Methods: Probands with familial PD were recruited through the French Parkinson Disease Genetic Study Group. All GBA exons were sequenced in probands and their relatives. To estimate the age-specific cumulative PD risk (i.e., penetrance) in GBA mutation carriers, we used the proband's phenotype exclusion likelihood method and corrected for selection of familial cases by considering the status of one affected relative per family as unknown.

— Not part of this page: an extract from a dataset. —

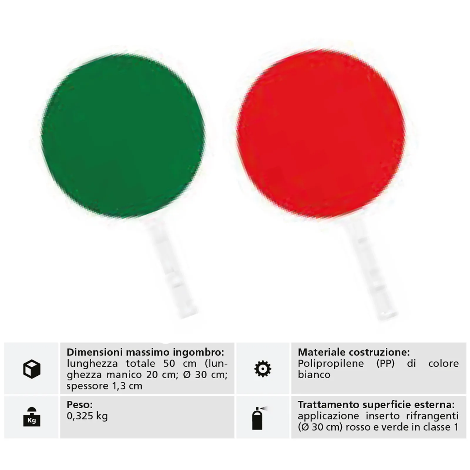 La paletta per transito alternato da movieri è realizzata in Polipropilene di colore bianco con presa inferiore ergonomica; la parte circolare è predisposta per applicare la pellicola rifrangente di colore rosso e verde.

Results: Of 525 probands with familial PD, 24 (4.6%) were GBA mutation carriers. Of their 256 relatives, 43 (16.8%) had PD and 26 of 32 affected relatives tested for GBA mutations were mutation carriers; 213 relatives did not have PD and 31 of 71 of unaffected relatives tested for GBA mutations were mutation carriers. Under a dominant model, penetrance was estimated as 7.6%, 13.7%, 21.4%, and 29.7% at 50, 60, 70, and 80 years, respectively. There was no significant difference in penetrance at 70 years between N370S carriers, L444P carriers, and carriers of rarer mutations.
Conclusion: The relatively high penetrance estimate in GBA carriers obtained in this study should lead to consideration of GBA as a dominant causal gene with reduced penetrance and should be taken into account for genetic counseling in relatives of patients with GD and patients with GBA-associated PD.
GLOSSARY
- GBA=
- glucocerebrosidase;
- GD=
- Gaucher disease;
- PD=
- Parkinson disease
Gaucher disease (GD) and Parkinson disease (PD) were initially connected because of the observation of parkinsonism and Lewy body pathology in patients with GD. It is now clear that mutations in the glucocerebrosidase (GBA) gene, which encodes the enzyme deficient in GD, represent a strong genetic risk factor for PD in different populations.1,–,4 Although heterozygous GBA mutation carriers are more likely than noncarriers to have affected relatives,4 segregation analysis in 21 multiplex families revealed that 46% of the unaffected relatives were GBA mutation carriers.3 PD penetrance in GBA mutation carriers, which represents a key issue for genetic counseling, especially for relatives of patients with GD, is unknown. We estimated PD penetrance in GBA mutation carriers using the proband's phenotype exclusion likelihood method while accounting for ascertainment bias.5,6
METHODS
Patients with PD were recruited through the French Parkinson Disease Genetic Study Group.3 All probands with familial PD (at least one affected relative in addition to the proband) were consecutively included in the study independently of the number of affected relatives, whereas patients with sporadic cases are not systematically included, thus resulting in an overrepresentation of familial cases (57%) compared with sporadic cases (43%). We therefore restricted our analyses to probands with familial PD and their relatives and corrected for ascertainment bias as explained below. In probands, PD was defined by at least 3 of 4 cardinal signs (bradykinesia, rigidity, rest tremor, and asymmetry of signs at onset), good response to dopaminergic treatment, and absence of other causes of parkinsonism7; age at onset was defined as the age at first symptom(s). Detailed pedigrees were constructed for each family. DNA samples were available for all probands (n = 525).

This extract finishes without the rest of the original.